> _The records_
§ §

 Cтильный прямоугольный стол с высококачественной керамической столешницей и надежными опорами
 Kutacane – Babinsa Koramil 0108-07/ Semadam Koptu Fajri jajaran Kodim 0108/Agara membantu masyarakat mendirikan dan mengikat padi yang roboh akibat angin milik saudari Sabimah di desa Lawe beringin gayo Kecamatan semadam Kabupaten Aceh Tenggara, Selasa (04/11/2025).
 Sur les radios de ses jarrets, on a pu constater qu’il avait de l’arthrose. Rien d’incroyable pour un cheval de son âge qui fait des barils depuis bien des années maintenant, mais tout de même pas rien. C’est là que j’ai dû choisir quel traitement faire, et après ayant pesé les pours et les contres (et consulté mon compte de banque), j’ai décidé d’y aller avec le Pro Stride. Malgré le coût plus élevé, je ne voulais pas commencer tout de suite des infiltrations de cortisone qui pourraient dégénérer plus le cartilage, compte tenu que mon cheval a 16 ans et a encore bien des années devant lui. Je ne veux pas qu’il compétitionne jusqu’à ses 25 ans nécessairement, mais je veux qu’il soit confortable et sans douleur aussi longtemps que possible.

§ §

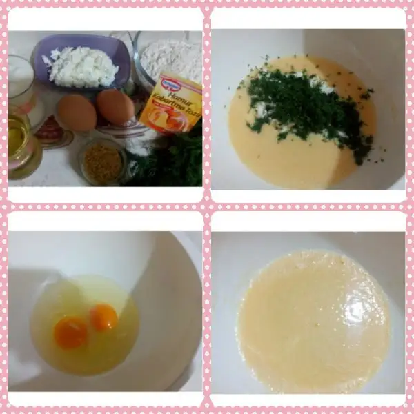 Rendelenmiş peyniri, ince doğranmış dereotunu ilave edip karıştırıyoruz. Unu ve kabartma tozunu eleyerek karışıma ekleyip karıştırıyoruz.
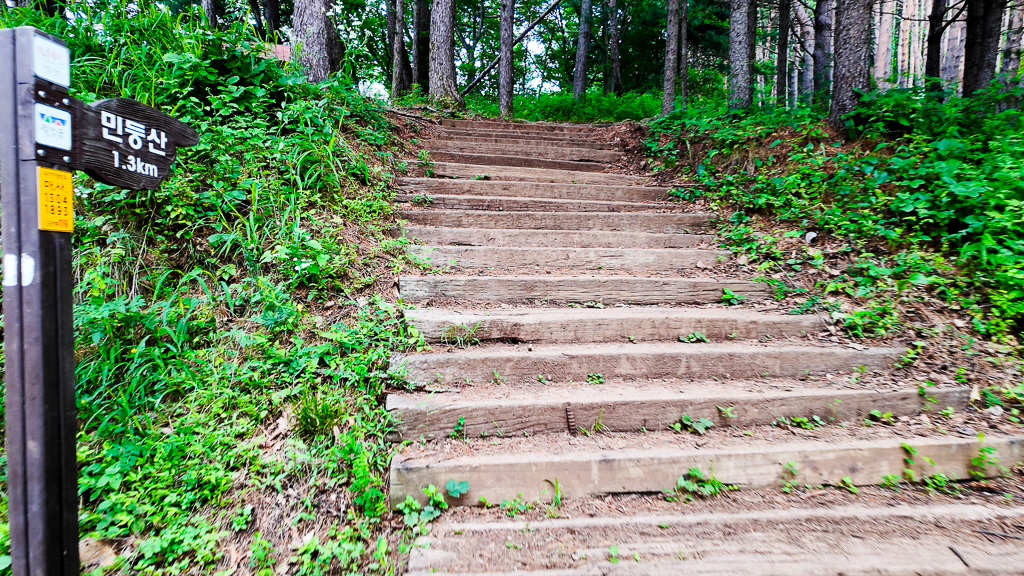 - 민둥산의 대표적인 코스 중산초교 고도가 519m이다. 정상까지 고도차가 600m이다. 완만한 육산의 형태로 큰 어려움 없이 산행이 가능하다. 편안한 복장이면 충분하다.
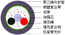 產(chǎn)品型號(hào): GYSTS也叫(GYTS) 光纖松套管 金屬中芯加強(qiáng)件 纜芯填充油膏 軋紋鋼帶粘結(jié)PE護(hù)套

§ §

> _What this task involves_
Everything from the line with "Cтильный прямоугольный стол" through the line with "Kutacane – Babinsa" should be written out exactly as it appears above, end lines included, and nothing outside that range.

> _Task result_
 Cтильный прямоугольный стол с высококачественной керамической столешницей и надежными опорами
 Kutacane – Babinsa Koramil 0108-07/ Semadam Koptu Fajri jajaran Kodim 0108/Agara membantu masyarakat mendirikan dan mengikat padi yang roboh akibat angin milik saudari Sabimah di desa Lawe beringin gayo Kecamatan semadam Kabupaten Aceh Tenggara, Selasa (04/11/2025).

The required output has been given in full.